I used the options (repos code) because I kept getting the following error: “trying to use CRAN without setting a mirror”. After seraching online i found this code and it solved the error I had.
# Install and load the estimatr package
install.packages("estimatr")
##
## The downloaded binary packages are in
## /var/folders/pk/lzttr4pn5m172f0nsbblvy240000gn/T//Rtmpm2Xrbp/downloaded_packages
library(estimatr)
# Fit a robust linear regression model
fit_robust <- lm_robust(Sepal.Length ~ Sepal.Width + Petal.Length + Species, data = iris)
# Print the summary of the robust regression model
summary(fit_robust)
##
## Call:
## lm_robust(formula = Sepal.Length ~ Sepal.Width + Petal.Length +
## Species, data = iris)
##
## Standard error type: HC2
##
## Coefficients:
## Estimate Std. Error t value Pr(>|t|) CI Lower CI Upper DF
## (Intercept) 2.3904 0.24739 9.663 2.337e-17 1.9014 2.8793 145
## Sepal.Width 0.4322 0.07911 5.463 1.984e-07 0.2759 0.5886 145
## Petal.Length 0.7756 0.06799 11.409 6.441e-22 0.6413 0.9100 145
## Speciesversicolor -0.9558 0.21232 -4.502 1.374e-05 -1.3754 -0.5362 145
## Speciesvirginica -1.3941 0.29870 -4.667 6.884e-06 -1.9845 -0.8037 145
##
## Multiple R-squared: 0.8633 , Adjusted R-squared: 0.8595
## F-statistic: 261.4 on 4 and 145 DF, p-value: < 2.2e-16
1.3 CONCLUSION
Multiple coefficient of correlation: 86.33% of variability of sepal length is explained by linear effect of all explanatory variables.
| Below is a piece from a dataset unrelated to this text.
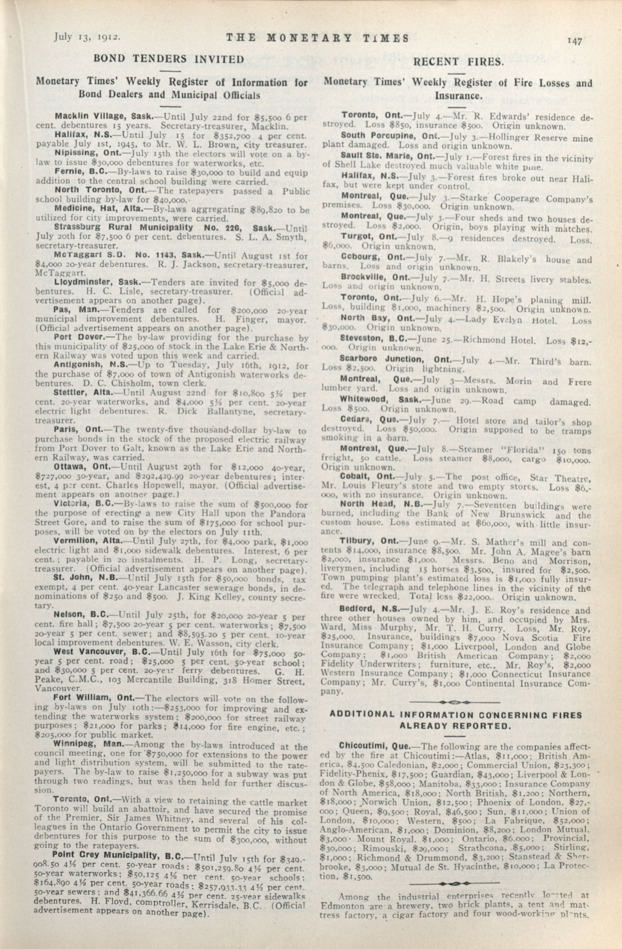 The monetary times, trade review and insurance chronicle : Vol. 49 No. 2 (July 13th, 1912)

Based on F-statistic I can reject null hypothesis and conclude that a linear relationship has been found. (P-value<0.001)
If sepal width increases by 1 cm, sepal length will on average increase by 0.43 cm (p-value<0.001), assuming all other variables stay the same.
If petal length increases by 1 cm, sepal length will on average increase by 0.78 cm (p-value<0.001), assuming all other variables stay the same.
Given the values of all other explanatory variables, the sepal length of species Versicolor is on avarage 0.96 cm less compared to species Setosa.
Given the values of all other explanatory variables, the sepal length of species Versicolor is on avarage 1.4 cm less compared to species Setosa.